The study addresses the central challenge of predictably tuning SSR reaction kinetics by engineering the DNA attachment sequence rather than the enzyme. By creating a sensitive qPCR-based initial-rate assay and coupling it with NGS-based selections, the authors quantitatively linked attP-L sequence to inversion rate. A simple, interpretable position-specific model captured the intrinsic contributions of nucleotides and accurately predicted k_flip across diverse variants and conditions. These findings provide practical, composable parts (attP variants) with graded kinetics for synthetic biology and elucidate that independent base contributions, beyond strictly conserved contacts, can modulate recombinase activity via long-range or water-mediated interactions. The validated in vitro and in vivo demonstrations, including a co-expression circuit with mechanistically modeled enzyme sequestration, show that kinetic control can be harnessed to regulate timing, ratios, and magnitudes of gene expression, expanding recombinase applications beyond memory storage to dynamic circuit design.
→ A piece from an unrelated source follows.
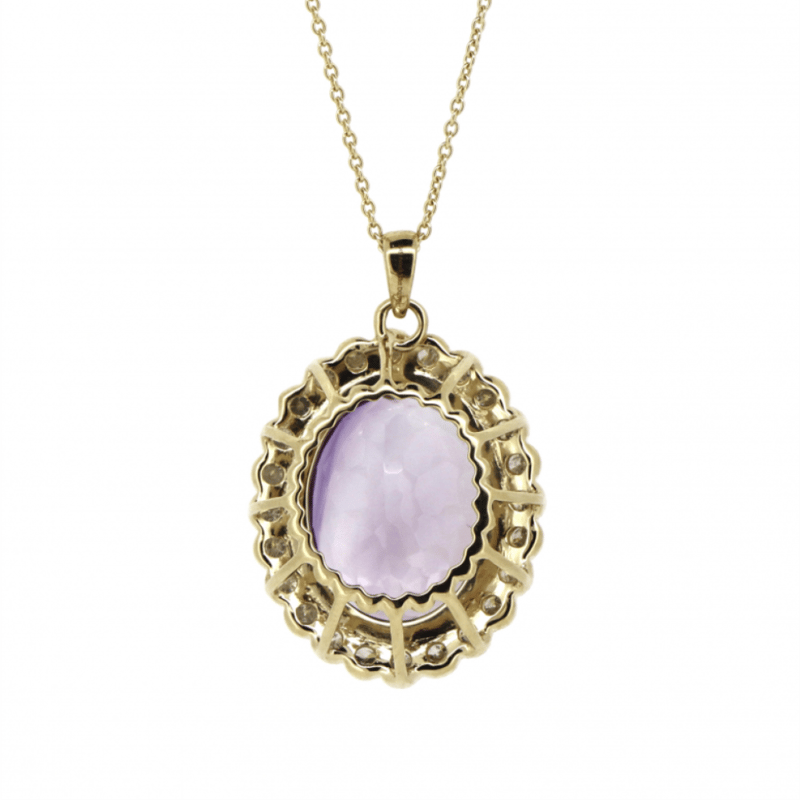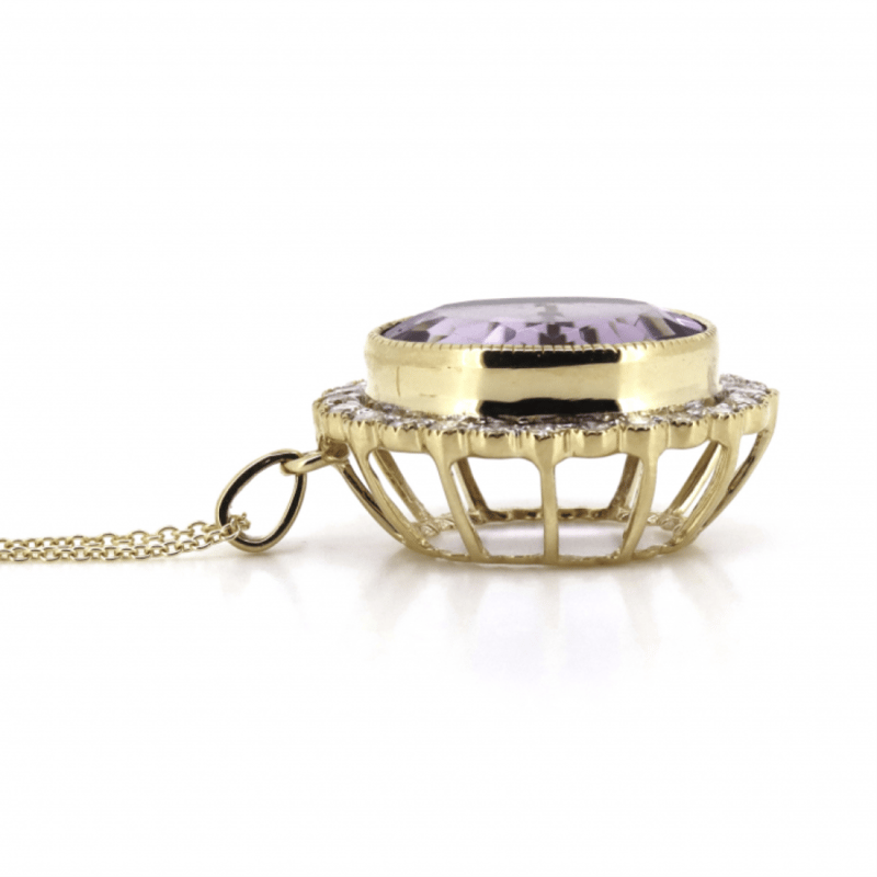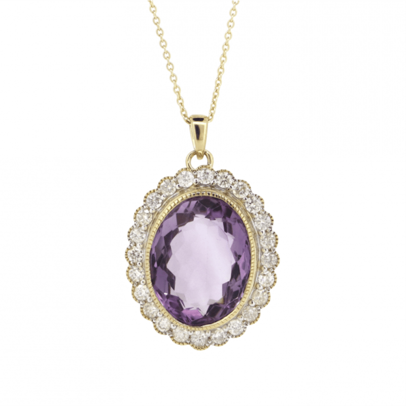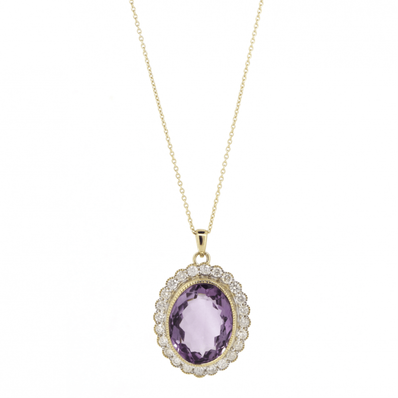 14K YELLOW GOLD, 9.03CT AMETHYST AND DIAMOND, STATEMENT NECKLACE. The Pendant Features Centre, One Oval Cut, Medium Light Reddish-Purple, Amethyst (9.03Ct, Minor Eye Visible Inclusions), Bezel Set With Millegrain Detail. Surrounding The Centre In A Halo Are, 24 Round Brilliant Cut, Diamonds (0.76Ct Tdw, J-K Colour, Si2-I2 Clarity), Semi-Bezel/Bead Set In White Gold, With Millegrain Detail. The Necklace Has A Lobster Claw Clasp. Necklace Length Is 44Cm. Jewellery Valuations Provided By A Third Party Professional Not Directly Associated With Lloyds Auctions at AUD $8,390.00This Insurance Valuation has been provided by a registered Jewellery Valuer and is intended for insurance purposes only. The valuation amount has no bearing on the auction value of the item. Any questions regarding the valuation should be directed to the issuing Valuer (refer to contact details on the certificate) as Lloyds have no association or relationship with the Valuer or the valuation amount contained within the valuation. Condition: NEW 0645874+61

This work introduces a high-throughput, model-guided framework to rationally engineer attP sequences that tune Bxb1-mediated recombination rates predictably. The qPCR assay enables accurate initial-rate measurements; NGS selections quantify sequence performance; and a position-specific weight model predicts k_flip from sequence, enabling rate modulation over four orders of magnitude. Engineered variants can outperform WT (up to ~10× increase) and function as kinetic tuning elements in living cells and synthetic circuits. Future directions include extending the approach to other LSRs and nucleic acid–modifying enzymes, exploring broader sequence spaces (e.g., additional positions or both half-sites) with subsaturation designs, integrating structural data as it becomes available to interpret weight scores mechanistically, and leveraging kinetic control for temporal ordering and multi-process coordination in complex genetic programs.
- Model assumptions: The predictive model assumes independent contributions of nucleotides across positions; cooperative or context-dependent interactions may be underrepresented, though DNA’s structural rigidity and observed tolerance support the approximation.
- Selection dependence: Weight score magnitudes vary with enzyme concentration during selection, potentially requiring condition-matched calibration for different contexts.
- Measurement limits: The qPCR assay detects down to ~0.0001% flipped products; extremely low-rate variants and sequences below top-enrichment thresholds have limited validation accuracy due to NGS depth and assay sensitivity.
- Scope of mutagenesis: The primary library focused on the attP-L half-site with nine randomized positions (library 2). Effects from attP-R or combined site changes were not comprehensively explored to avoid specificity loss.
- Structural interpretation: Lack of high-resolution Bxb1–DNA complex structures limits mechanistic attribution of specific weight scores to protein–DNA contacts.